Il mare mostra l’altra faccia della medaglia: fascino e pericolosità sono due aspetti delle attività che vi si svolgono. Il pescatore è cosciente della sorgente di vita che è l’acqua, ma coglie anche l’importanza dell’interpretazione dei segni che si colgono nella realtà per non correre il rischio di imbattersi in pericoli insormontabili; questa capacità di cogliere e di leggere i segni non è sempre sufficiente ad evitare gli imprevisti.

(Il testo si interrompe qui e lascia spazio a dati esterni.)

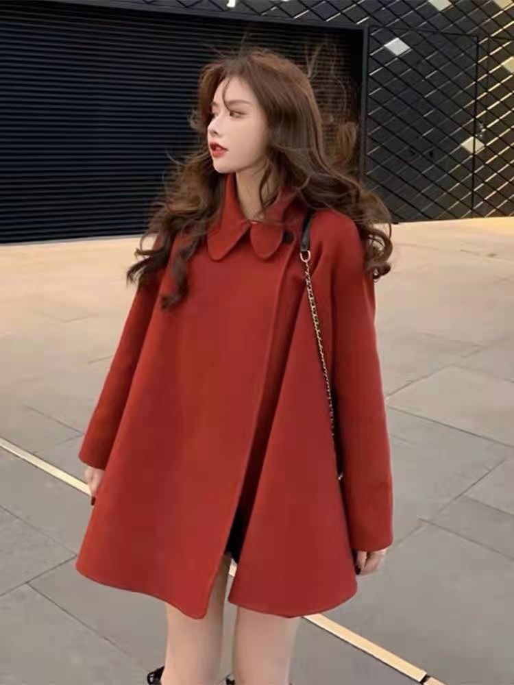 斗篷08189年轻时尚小香风双面羊绒女短款A字款新款双面呢,上身显瘦效果很好,不显肚子,穿出女人的优雅气质,颜色红色,黑色,均码号从100-140斤穿着

C’è un’eroicità nell’affrontare la forza della natura che poche volte, come nel caso del mare, mostra la sua soverchiante superiorità dinanzi all’impotenza dell’uomo («quando il mare era cattivo, e voleva inghiottirseli in un boccone, loro, la Provvidenza e ogni cosa […]»). Eppure la lotta del pescatore è per la sopravvivenza: «La Provvidenza si avventurava spesso al largo, così vecchia e rattrappita com’era, per amore di quel po’ di pesca». L’uomo vorrebbe dominare e controllare anche il mare, come fosse il cortile o l’aia, ne è chiaro segno la metafora: «C’erano tante barche che spazzavano il mare colla scopa» (che indica anche l’attività dei pescatori che ripuliscono le acque dei pesci). Ma è solo un’illusione: la forza delle acque distrugge la Provvidenza e s’inghiotte il padre di famiglia.

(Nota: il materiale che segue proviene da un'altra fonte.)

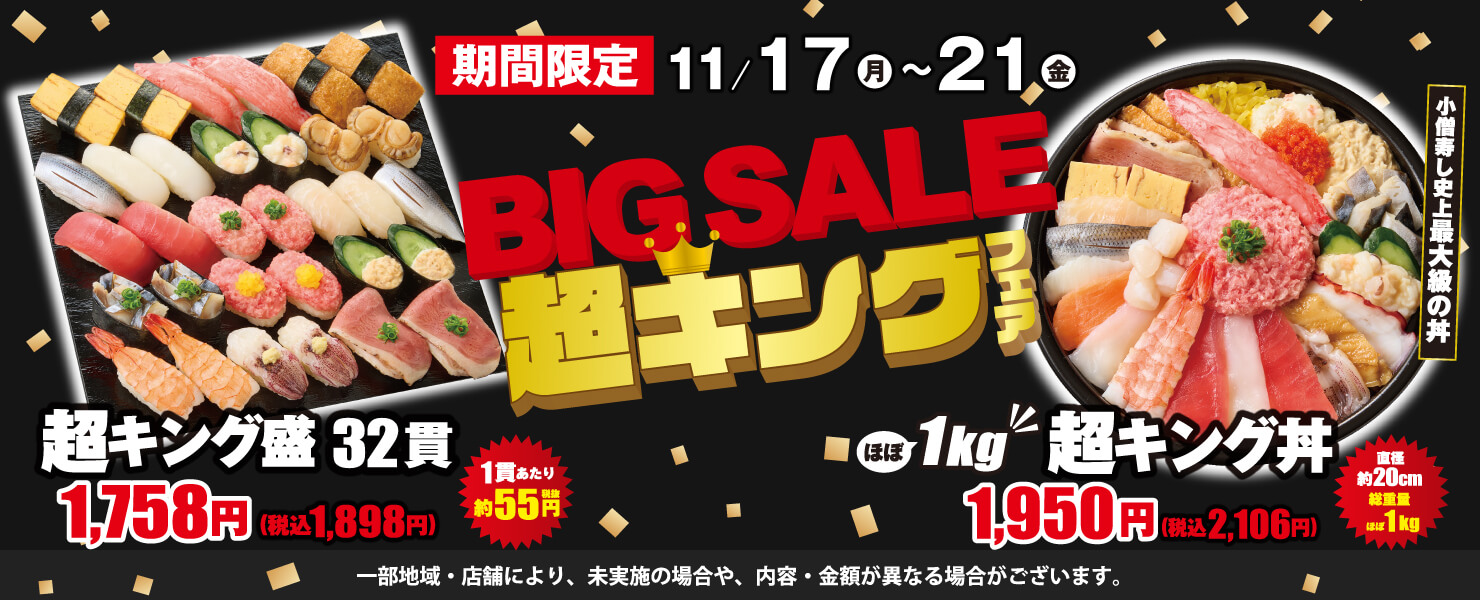 2025年11月17日(月)~平日限定!BIG SALE『超キング』フェア(店舗により未実施の場合がございます)

Così, è bene affidarsi alla preghiera, lo ricorda Pascoli, che non dedica solo versi al mondo della campagna, ma ne riserva anche al mare. Ne La famiglia del pescatore è descritta una capanna «meschina», con le lenze dei pescatori «appese/ alle pareti». Cinque bambini «sonnecchiano» sul «pagliericcio». La madre prega, è sola e pensa al mare

[…] Di fuor, bianco
di schiuma, al cielo ai venti ed agli scogli
l’Oceano getta il suo cupo singhiozzo.

Il marito è un pescatore che fin da piccolo «combatte/ con la fortuna», in qualsiasi situazioni meteorologica («piova pur, tuoni pur»), perché i piccoli hanno fame. È un mestiere che lo porta a stare solo, al governo della sua barca, in modo epico: «erra frattanto/ sbalzato e urtato dal continuo fiotto:/ sol, l’abisso e le tenebre viaggia». Nel buio, al freddo, cerca «il posto buono per la pesca, il luogo/ mobile oscuro ove s’accoglie il pesce» in mezzo ai frangenti e alle onde alte che spaventano. Quel posto buono per la pesca che sta cercando in mezzo a quel mare sconfinato «è un punto/ grande due volte quella stanza appena». Con pazienza e con maestria il pescatore sta cercando quel luogo in mezzo a quel deserto.

Egli pensa a Lucia di tra la notte
del freddo mar. Lucia lo chiama e piange.
Ed ecco nella oscurità s’incontrano
i lor pensieri, come uccelli in via.

La sua donna «vecchie tele cuce,/ e rassetta le reti, e appresta gli ami,/ pur sorvegliando al focolar la zuppa/ di pesce». Rimane vicino al marito «pregando Dio».